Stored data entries
····················

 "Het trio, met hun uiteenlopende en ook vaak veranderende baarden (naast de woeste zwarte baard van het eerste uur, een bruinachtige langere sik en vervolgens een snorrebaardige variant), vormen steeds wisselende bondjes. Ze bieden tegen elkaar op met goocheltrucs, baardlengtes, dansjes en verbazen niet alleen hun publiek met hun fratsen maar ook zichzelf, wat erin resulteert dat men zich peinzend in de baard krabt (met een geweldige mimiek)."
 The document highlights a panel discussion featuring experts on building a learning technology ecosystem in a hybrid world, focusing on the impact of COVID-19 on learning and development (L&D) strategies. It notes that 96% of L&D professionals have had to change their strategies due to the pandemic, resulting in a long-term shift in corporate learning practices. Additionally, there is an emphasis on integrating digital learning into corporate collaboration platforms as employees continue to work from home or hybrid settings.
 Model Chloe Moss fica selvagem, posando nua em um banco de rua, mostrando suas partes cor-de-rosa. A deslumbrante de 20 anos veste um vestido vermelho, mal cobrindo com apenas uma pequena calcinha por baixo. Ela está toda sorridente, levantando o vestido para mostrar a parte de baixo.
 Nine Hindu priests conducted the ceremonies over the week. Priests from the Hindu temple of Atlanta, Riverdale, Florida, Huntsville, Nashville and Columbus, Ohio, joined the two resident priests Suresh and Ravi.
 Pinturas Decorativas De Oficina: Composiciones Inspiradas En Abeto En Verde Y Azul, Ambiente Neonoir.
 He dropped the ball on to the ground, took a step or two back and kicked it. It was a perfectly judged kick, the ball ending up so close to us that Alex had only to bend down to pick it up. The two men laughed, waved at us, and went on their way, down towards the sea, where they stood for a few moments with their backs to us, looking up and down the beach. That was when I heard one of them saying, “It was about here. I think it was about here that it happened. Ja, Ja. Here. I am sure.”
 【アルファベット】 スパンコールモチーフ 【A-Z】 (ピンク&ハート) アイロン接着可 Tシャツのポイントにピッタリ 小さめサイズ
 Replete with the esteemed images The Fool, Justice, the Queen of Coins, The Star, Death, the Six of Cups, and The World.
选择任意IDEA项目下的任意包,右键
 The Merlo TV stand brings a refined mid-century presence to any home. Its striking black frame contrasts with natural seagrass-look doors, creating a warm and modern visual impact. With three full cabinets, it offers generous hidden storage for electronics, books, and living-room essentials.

····················

Exercise:
For the records above, restate every line word for word.

Task answer:
 "Het trio, met hun uiteenlopende en ook vaak veranderende baarden (naast de woeste zwarte baard van het eerste uur, een bruinachtige langere sik en vervolgens een snorrebaardige variant), vormen steeds wisselende bondjes. Ze bieden tegen elkaar op met goocheltrucs, baardlengtes, dansjes en verbazen niet alleen hun publiek met hun fratsen maar ook zichzelf, wat erin resulteert dat men zich peinzend in de baard krabt (met een geweldige mimiek)."
 The document highlights a panel discussion featuring experts on building a learning technology ecosystem in a hybrid world, focusing on the impact of COVID-19 on learning and development (L&D) strategies. It notes that 96% of L&D professionals have had to change their strategies due to the pandemic, resulting in a long-term shift in corporate learning practices. Additionally, there is an emphasis on integrating digital learning into corporate collaboration platforms as employees continue to work from home or hybrid settings.
 Model Chloe Moss fica selvagem, posando nua em um banco de rua, mostrando suas partes cor-de-rosa. A deslumbrante de 20 anos veste um vestido vermelho, mal cobrindo com apenas uma pequena calcinha por baixo. Ela está toda sorridente, levantando o vestido para mostrar a parte de baixo.
 Nine Hindu priests conducted the ceremonies over the week. Priests from the Hindu temple of Atlanta, Riverdale, Florida, Huntsville, Nashville and Columbus, Ohio, joined the two resident priests Suresh and Ravi.
 Pinturas Decorativas De Oficina: Composiciones Inspiradas En Abeto En Verde Y Azul, Ambiente Neonoir.
 He dropped the ball on to the ground, took a step or two back and kicked it. It was a perfectly judged kick, the ball ending up so close to us that Alex had only to bend down to pick it up. The two men laughed, waved at us, and went on their way, down towards the sea, where they stood for a few moments with their backs to us, looking up and down the beach. That was when I heard one of them saying, “It was about here. I think it was about here that it happened. Ja, Ja. Here. I am sure.”
 【アルファベット】 スパンコールモチーフ 【A-Z】 (ピンク&ハート) アイロン接着可 Tシャツのポイントにピッタリ 小さめサイズ
 Replete with the esteemed images The Fool, Justice, the Queen of Coins, The Star, Death, the Six of Cups, and The World.
选择任意IDEA项目下的任意包,右键
 The Merlo TV stand brings a refined mid-century presence to any home. Its striking black frame contrasts with natural seagrass-look doors, creating a warm and modern visual impact. With three full cabinets, it offers generous hidden storage for electronics, books, and living-room essentials.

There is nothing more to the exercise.